Open S8XY opened this issue 9 months ago • 1 comments

the current DFT-based series decomposition implementation has performance gaps that can be addressed to improve training and inference speed.

current limitations

  1. naive implementation without batch optimization
  2. repeated calculations that could be cached
  3. ignores GPU memory layout optimization
  4. misses opportunities for parallel computation

proposed optimizations

1. batched operations

reimplement the DFT computation to operate on entire batches at once rather than processing each time series individually:

# Instead of:
for i in range(batch_size):
    xf = torch.fft.rfft(x[i])
    # ...processing...

# Use:
xf = torch.fft.rfft(x)  # processes entire batch at once

2. pre-compute frequency indices

for stationary time series, the top-k frequencies often remain consistent. implement a caching mechanism to avoid recomputing these indices repeatedly:

def forward(self, x):
    batch_size = x.shape[0]
    if self._cached_freq_indices is None or batch_size != self._cached_batch_size:
        # compute and cache indices
    # use cached indices

3. optimize memory operations

restructure memory operations to minimize data movement:

  • use in-place operations where possible
  • align memory access patterns
  • reduce intermediate tensor allocations

4. CUDA kernel implementation (optional)

for maximum performance, implement a custom CUDA kernel for the specific DFT decomposition patterns used in TimeMixer:

@torch.jit.script
def optimized_dft_decomp(x, top_k):
    # optimized implementation

expected benefits

  • 30-50% speedup in DFT decomposition operations
  • reduced memory footprint
  • improved training throughput
  • lower inference latency

affected code

the main class affected is DFT_series_decomp in models/TimeMixer.py.

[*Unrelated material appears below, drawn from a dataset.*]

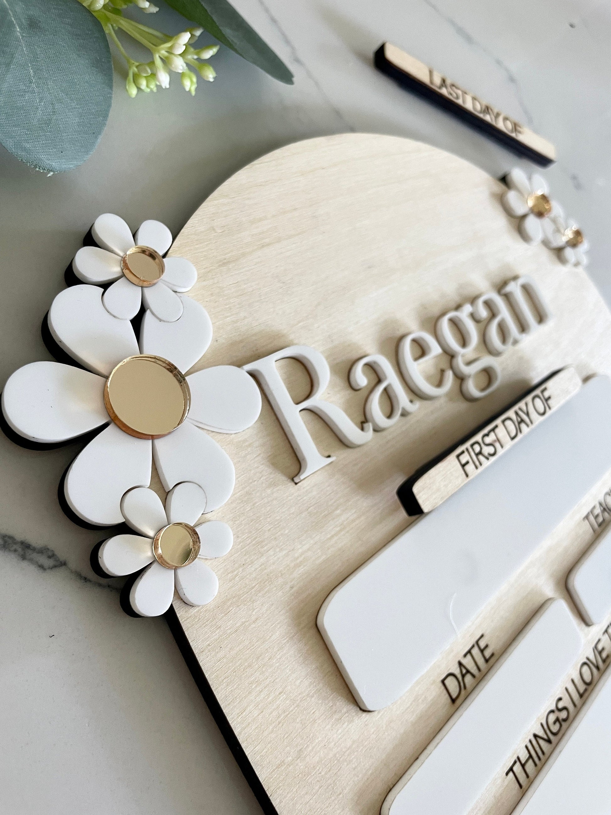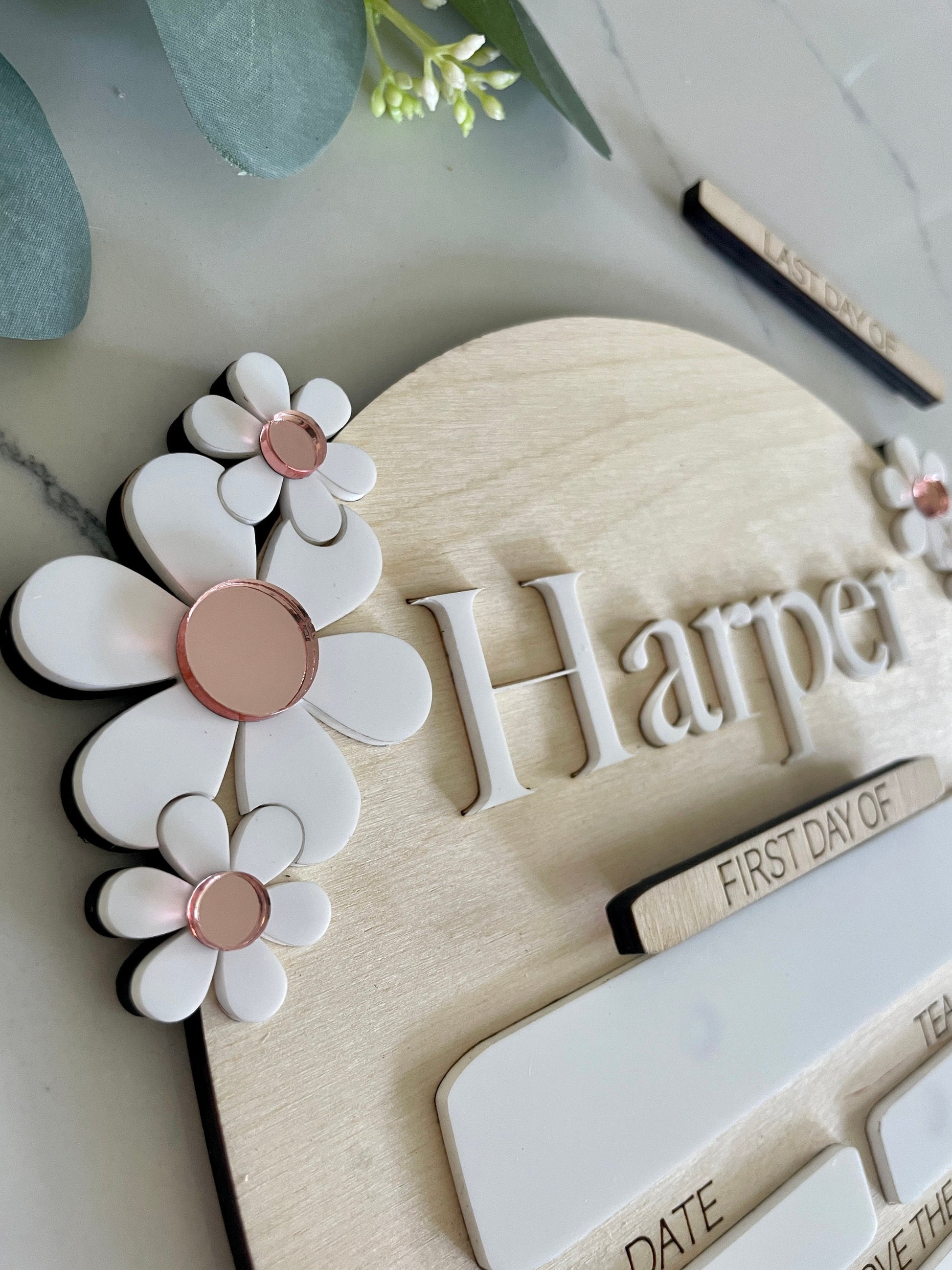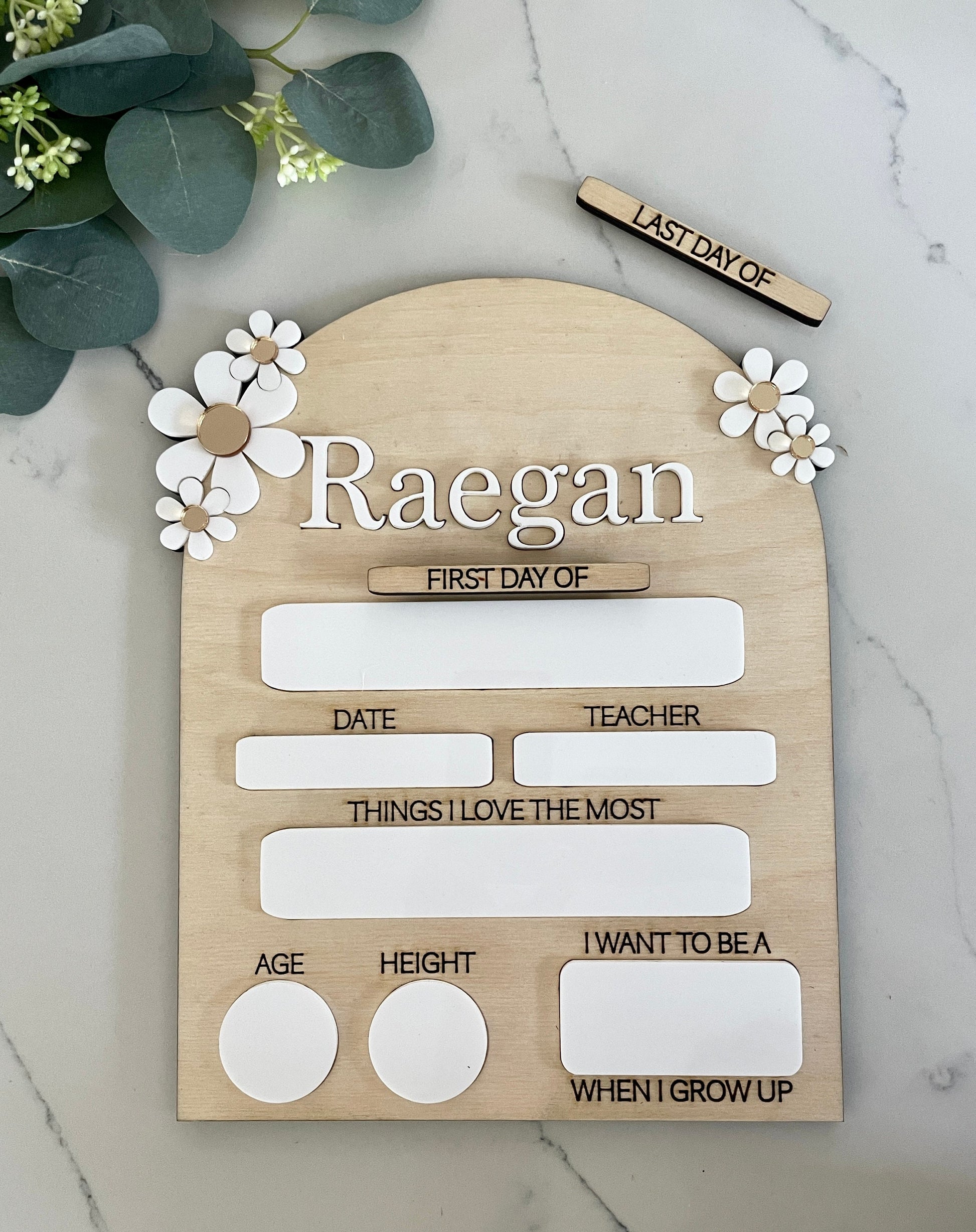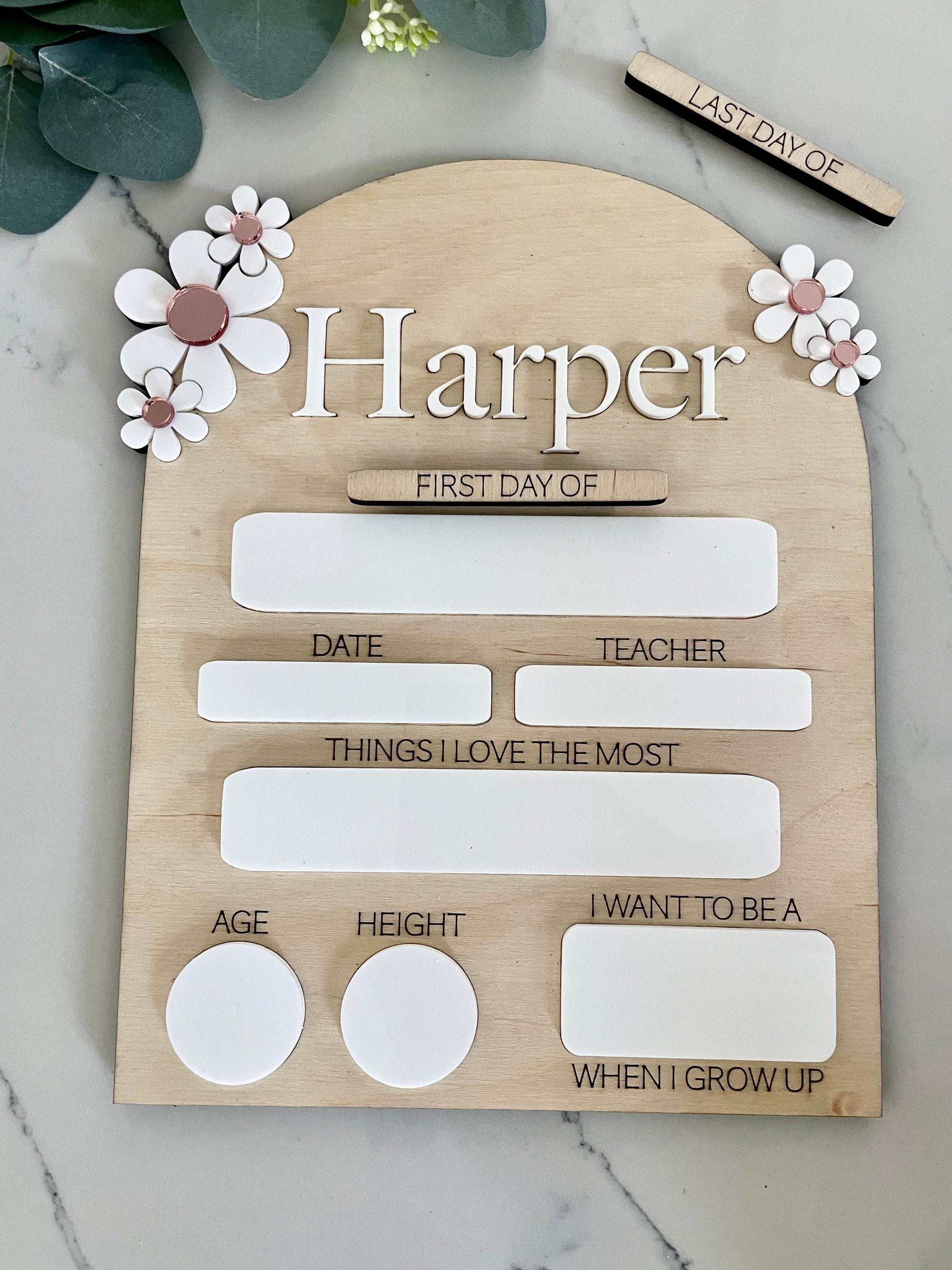 Introducing our delightful Daisy Style First Day of School Dry Erase Sign! Crafted with love from sturdy 1/4" Birch wood and adorned with charming acrylic accents, this sign is a perfect way to capture your child's first day of school memories.

S8XY avatar May 05 '25 16:05 S8XY

Thank you very much for your suggestion. Indeed, the DFT module should be further improved. We have also received many recommendations from colleagues in the signal processing community who are very interested in applying Fourier transforms to time-series modeling. If possible, you’re welcome to submit a merge request — we’ll carefully review and fully take your feedback into account.